- Born: June 6, 1932 Santa Ana, Manila, Philippine Islands
- Died: February 2, 2011 (aged 78) Manila, Philippines
- Resting place: Loyola Memorial Park Marikina, Philippines
- Occupation: Painter
- Spouse: Ute Schmitz (15 children)
- Awards: Order of National Artists of the Philippines

= Federico Aguilar Alcuaz =

Filipino painter

Federico Aguilar Alcuaz (Filipino: Federico Alcuaz Aguilar, June 6, 1932 – February 2, 2011) was a Filipino painter who exhibited extensively Internationally and whose work earned him recognition both in the Philippines and abroad.

Alcuaz was conferred the title of National Artist for Visual Arts, Painting, Sculpture and Mixed Media in 2009. However, four nominees for the award other than Alcuaz became embroiled in the 2009 National Artist of the Philippines Controversy, which led the Supreme Court of the Philippines to temporarily issue a status quo order on August 25, 2009, blocking the conferment of the awards on all seven nominees - despite the fact that no objections were ever raised regarding the conferment of the award to Alcuaz and two other nominees.

== Education and personal life ==
Federico Aguilar Alcuaz was born on June 6, 1932, in Santa Cruz, Manila. He was the 6th of 11 Children of Mariano Aguilar a Lawyer and a Musician and Encarnacion Alcuaz. He finished early schooling at the Dr. Albert Elementary School and San Beda High School. He studied law at the Ateneo de Manila and finished his degree in 1955. In 1949–1950 he took up painting subjects at the University of the Philippines (UP) School of Fine Arts. In 1955 he went to Madrid with a scholarship at the Academia de San Fernando which he got through the help of the Jesuits from the Ateneo de Manila. In 1956 he chose Barcelona as his career base. He also became a member of the La Punalada Group which counted among its members Tàpies, Cuixart and Tharrats.
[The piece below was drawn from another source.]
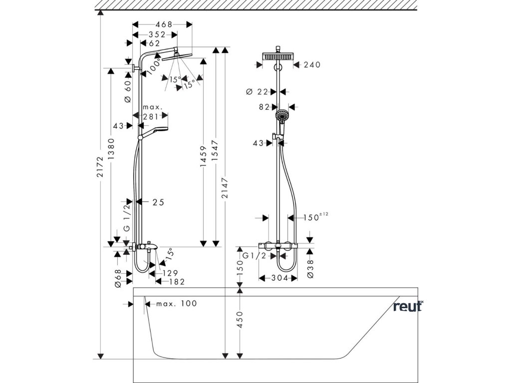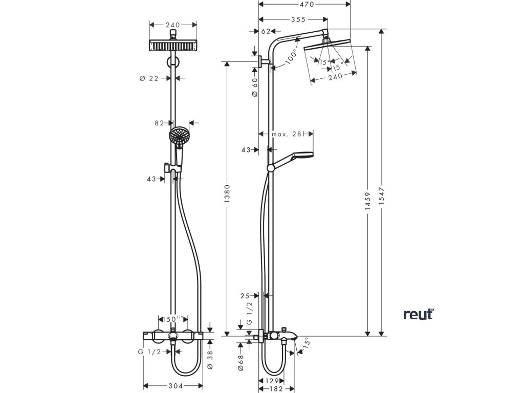 Hansgrohe Crometta Set Showerpipe E 240 s vaňovým termostatom, 2 prúdy, chróm 27298000-HG

In the same year he began signing his paintings with Aguilar Alcuaz to distinguish himself from two other Aguilars who are also members of the La Punalada Group. In 1959, he met Ute Schmitz, whom he married 3 years later and they had 3 sons.

He died on February 2, 2011, in Manila, Philippines due to natural causes.

== Awards ==
- 1st Prize, UPCFA Art Competition, 1953
- 1ST Prize, Roadside Squatters, 4th SNSAC Modern Painting Category, 1954
- 1st Prize, Montcada Award Barcelona, 1957
- Francisco Goya Award, Cercle Maillol Barcelona, 1958
- Republic Cultural Heritage Award, 1965
- 2nd Prize Prix Vancell, 4th Biennial of Terrassa (Barcelona Spain),1959

== Exhibitions (Philippines) ==
- Solo Exhibition, San Beda College, 1953
- Solo Exhibition, Centro Escolar University, 1954
- Solo Exhibition, PAG, 1955

== Exhibitions (international) ==
- Solo Exhibition, Museum of Contemporary Art, Madrid, 1956
- Solo Exhibition, Galerias Layetanas Barcelona, 1956
- Solo Exhibition, Galerias Manila Barcelona, 1956
- Solo Exhibition, Hispanic Cultural Hall Madrid, 1957
- Solo Exhibition, Galerias Layetanas Barcelona, 1957
- Solo Exhibition, Galeria Dintel, 1957
- Solo Exhibition, Galeria Dintel, 1958
- Exhibited at the Gallery of the City Hall of Burgos Spain, 1958
- Solo Exhibition, Asociacion Artistica Vizcaina Bilbao, 1959
- Solo Exhibition, Galeria Ilescas Bilbao, 1959
- Solo Exhibition, Galeria Ilescas Bilbao, 1960
- Solo Exhibition, Sala Vayreda Barcelona, 1960
- Solo Exhibition, Galeria Ilescas Bilbao, 1962
- Solo Exhibition, Galeria Ilescas Bilbao, 1972
- Solo Exhibition, Museo de Bellas Artes de Bilbao (tapices), 1973
- Solo Exhibition, Eindhoven (tapestries), 1973 (2)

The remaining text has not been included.